2. How were the data generated, processed, and modified?

   Date: 2023 (process 1 of 4)

   A subset of the published sediment sample analyses of Stellwagen Bank National Marine Sanctuary was separated based on station locations falling within quadrangle 3. Additionally, stations where either video or bottom photographs that fell within quadrangle 3 were also extracted from previously published datasets. These datasets were combined into a single Microsoft Office Excel 2010 spreadsheet. Additional columns of information were added to reflect whether the location marks a sediment sample location, a station that collected video, or a station that collected bottom photographs. A station can collect any combination of these types of information. Columns were also added to reflect the interpreted geologic substrate at the station location. Typically, the SEABOSS system would be deployed to the sea floor and the ship would drift while video and photos were recorded. When sediment samples were collected, they were acquired at the end of the drift or occasionally during the drift. Sediment sample locations are given as the position of the actual sediment sample. For stations where just video and/or photographs were acquired, the location marks the end of the station drift. Original work to compile these data started in 2016, and was completed in 2023, with the final work on the spreadsheet occurring in Microsoft Office 365 Excel software. Person who carried out this activity:
   

   U.S. Geological Survey

   Attn: Page C. Valentine

   Research Geologist

   384 Woods Hole Rd.

   Woods Hole, MA
   

   USA

   (508) 548-8700 x2239 (voice)

   (508) 457-2310 (FAX)

   pvalentine@usgs.gov

   Date: 2023 (process 2 of 4)

   Numeric fields in the Excel spreadsheet with null values (blanks) were set to 9999. Person who carried out this activity:
   

   U.S. Geological Survey

   Attn: Page C. Valentine

   Research Geologist

   384 Woods Hole Rd.

   Woods Hole, MA
   

   USA

   (508) 548-8700 x2239 (voice)

   (508) 457-2310 (FAX)

   pvalentine@usgs.gov

   Date: 2023 (process 3 of 4)

   The Excel spreadsheet was edited to include a third row of column headers that would be compatible with Esri shapefile attribute headings. Temporarily removing the first two rows of the spreadsheet, the spreadsheet was then exported as a CSV MS-DOS file using Excel 365. The original spreadsheet with the two additional rows of information is included in the dataset. Person who carried out this activity:
   

   U.S. Geological Survey

   Attn: VeeAnn A. Cross

   Marine Geologist

   384 Woods Hole Rd.

   Woods Hole, MA
   

   508-548-8700 x2251 (voice)

   508-457-2310 (FAX)

   vatnipp@usgs.gov

   Date: 2023 (process 4 of 4)

   The comma-delimited text file was added to ArcMap 10.8.1 using the Add XY Data tool. The X Field was set to longitude and the Y Field was set to latitude. The coordinate system was defined as a geographic coordinate system, NAD83. The event theme was then converted to a shapefile by right mouse clicking the event theme and exporting to a shapefile (q3_stations_geology.shp) with a geographic, NAD83 coordinate system. Person who carried out this activity:
   

   U.S. Geological Survey

   Attn: VeeAnn A. Cross

   Marine Geologist

   384 Woods Hole Rd.

   Woods Hole, MA
   

   508-548-8700 x2251 (voice)

   508-457-2310 (FAX)

   vatnipp@usgs.gov

3. What similar or related data should the user be aware of?
   Valentine, P., Blackwood, D., and Parolski, K., 2000, Seabed observation and sampling system: U.S. Geological Survey Fact Sheet FS-142-00, U.S. Geological Survey, Reston, VA.

   Online Links:

   • https://doi.org/10.3133/fs14200

   Other_Citation_Details:

   This publication gives an overview description of the SEABOSS system. The details have changed over the years with updated equipment, but the concept has not changed.

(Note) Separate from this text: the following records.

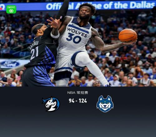第四節(jié)獨(dú)行俠約翰-波拉基達(dá)斯拿下8分,森林狼納茲-里德拿下7分,最終獨(dú)行俠94-124不敵森林狼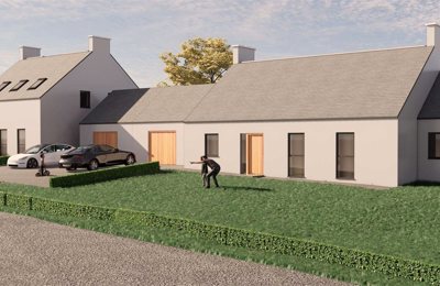 A superb plot at the edge of the sought after village of Kintessack. With full planning permission for a 4 bedroom house and detached double garage. Services on site.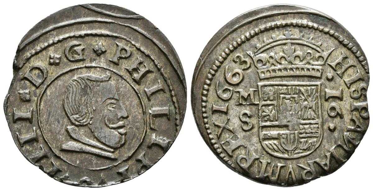 FELIPE IV. 16 Maravedís. 1663. Madrid S. N invertida en reverso. Cal-1399; J.S. M-377. Ae. 4,17g. Conserva parte del plateado original. EBC-/MBC+.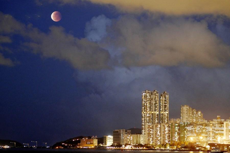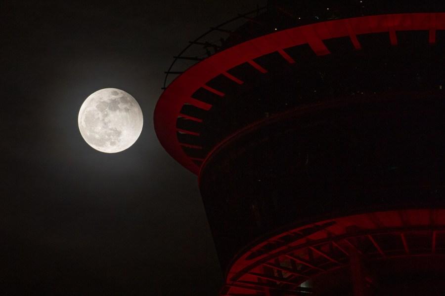 A multi-exposured image shows a Super Blood Moon during the total lunar eclipse in Christchurch, New Zealand, May 26, 2021. (Photo by Sun Xiaotong/Xinhua)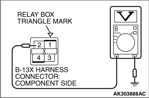 STEP 4. Measure the power supply voltage at throttle actuator control motor relay harness side connector B-13X.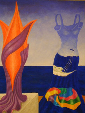 | Fanciful touches -- earthenware jugs dressed up in blouses and shirts, dancing hats, and floating dresses -- recall Magritte. But Tsoris admits no pretensions. The purpose of his art, he says with enthusiasm, is to bring pleasure. "My art is about the moment when I'm making it, the feeling, the action," Tsoris says. "The happiness I get when I create comes back to me through the pleasure of other people. This pleasure gives me power to continue." Apostolos Tsoris was born in Agrino, Greece, and studied in Piraeus. A fashion designer for 20 years, he now lives in New York City, revelling in the chance to do what he loves best. "For a long time, I was far away from it," he says.  |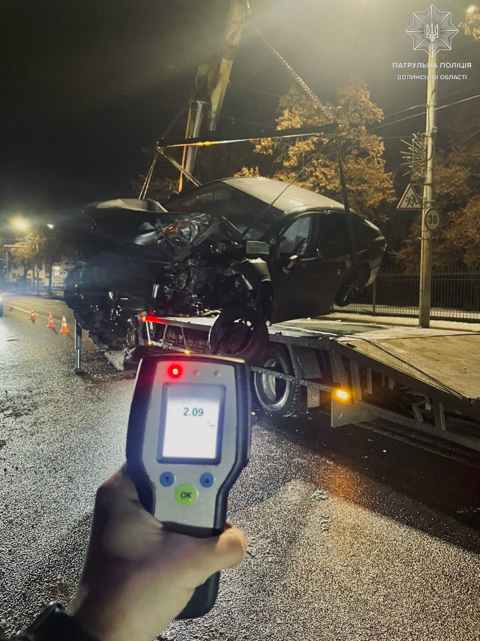 При спілкування з керманичем інспектори помітили у нього ознаки алкогольного сп’яніння та запропонували чоловіку пройти огляд за допомогою приладу Драгер. Результат – 2,09 проміле.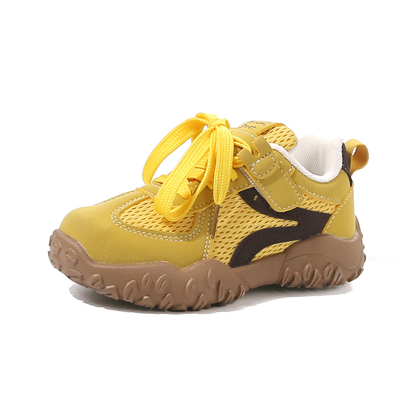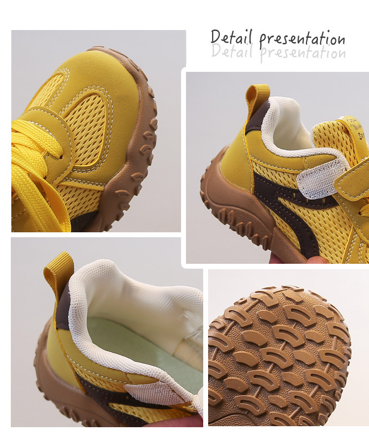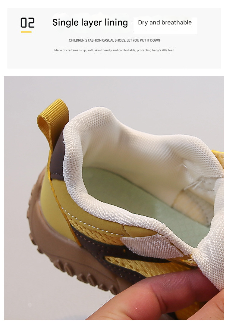 حذاء رياضي للأطفال بتصميم شبكي خفيف مسامي ومضاد للانزلاق، سهل الارتداء والخلع

   Blackwood, D.S., and Parolski, K.F., 2001, Seabed observation and sampling system: Sea Technology v. 42, no. 2, p.39-43.

   Other_Citation_Details:

   This publication gives an overview description of the SEABOSS system. The details have changed over the years with updated equipment, but the concept has not changed.

   Poppe, L.J., Williams, S.J., and Paskevich, V.F., 2014, U.S. Geological Survey east-coast sediment analysis: Procedures, database, and GIS data: Open-File Report 2005-1001, U.S. Geological Survey, Reston, VA.

   Online Links:

   • https://doi.org/10.3133/ofr20051001

   Other_Citation_Details:

   This publication contains the definitions of some of the attributes contained in this dataset.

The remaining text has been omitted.